Eenmaal bij terugkeer bij de ingang van het park, gingen Benjamin en ik ieder onze eigen reis vervolgen. Ik ben weer terug naar KK gegaan (om samen met David Saba te ontdekken) met een luxe busrit en een illegale King Kong DVD. Op iedere straathoek kan je hier voor een euro die nieuwste films kopen, dat doen deze buschauffeur maar al te graag om hun lange soms vreselijke busritten voor hun passagiers te veraangenamen.

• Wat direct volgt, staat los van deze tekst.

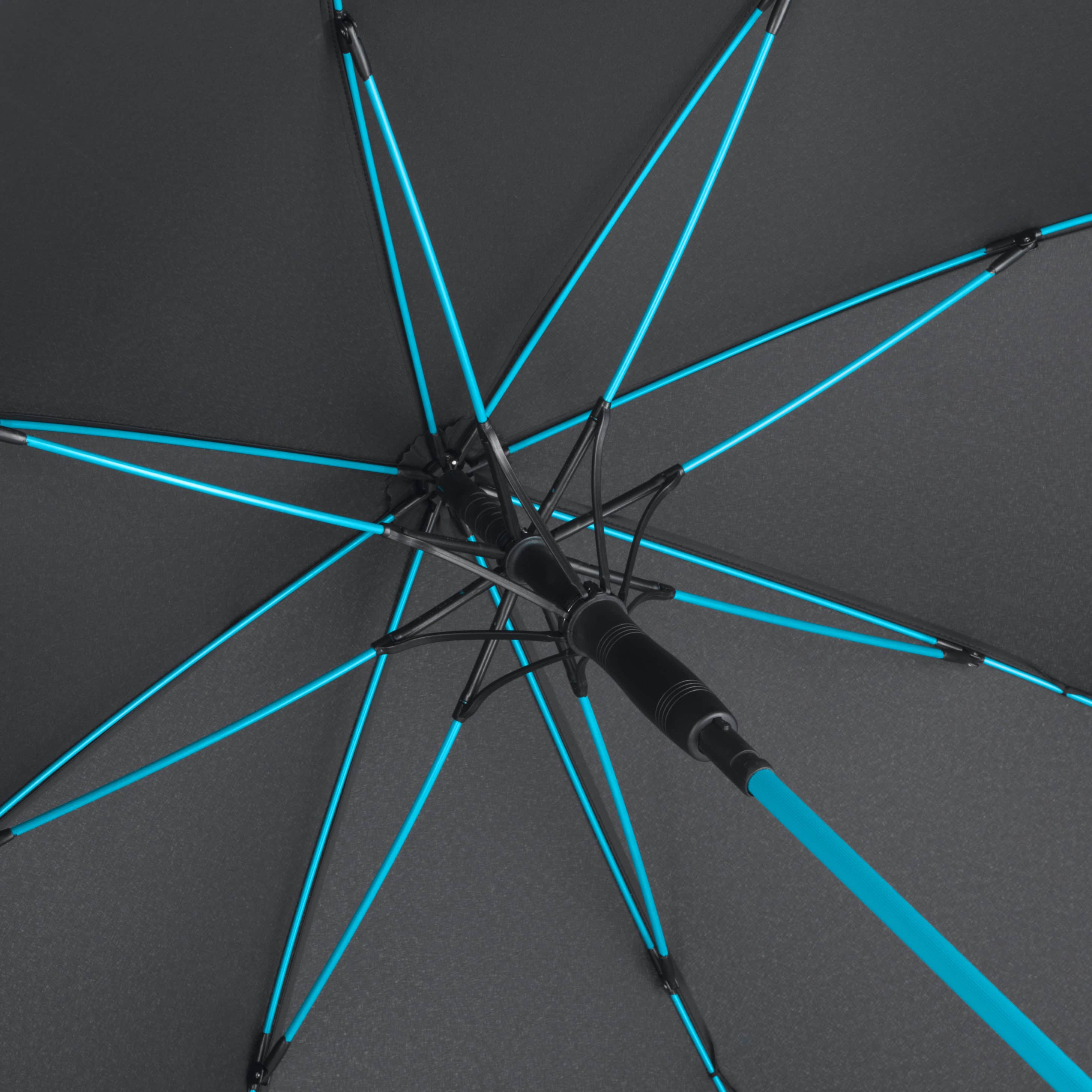 Convenient automatic function for quick opening, high quality windproof system for maximum frame flexibility, flexible fibreglass ribs, coloured steel stem, soft touch crook handle with coloured details and integrated push button and branded decal option

De volgende dagen ben ik via Kota Belud, waar een grote goede ochtendmarkt zou zijn, die er niet was, naar Kudat (noordelijkste puntje van Borneo) gegaan. Deze afstanden heb ik al liftend (met een drietal mannen met flinke rockmuziek) of met een minibusje afgelegd, wat niet altijd even leuk was. De chauffeur van het minibusje was volgens mijn inzien een formule1chauffeur, gezien zijn rijstijl, rijgedrag en snelheid waarmee hij de afstand heeft afgelegd. Iedere keer is het weer fijn om veilig te zijn aangekomen in de plaats, die je in gedachten hebt die ochtend. Helaas vielen de plaatsen in het noorden wat tegen en was er weinig te doen en bepaalde plekken waren onmogelijk of moeilijk te bereiken zonder eigen vervoer. Er was met geen mogelijkheid (zoals veel geld bieden) om een bromfiets of auto te huren om toch wat te ondernemen.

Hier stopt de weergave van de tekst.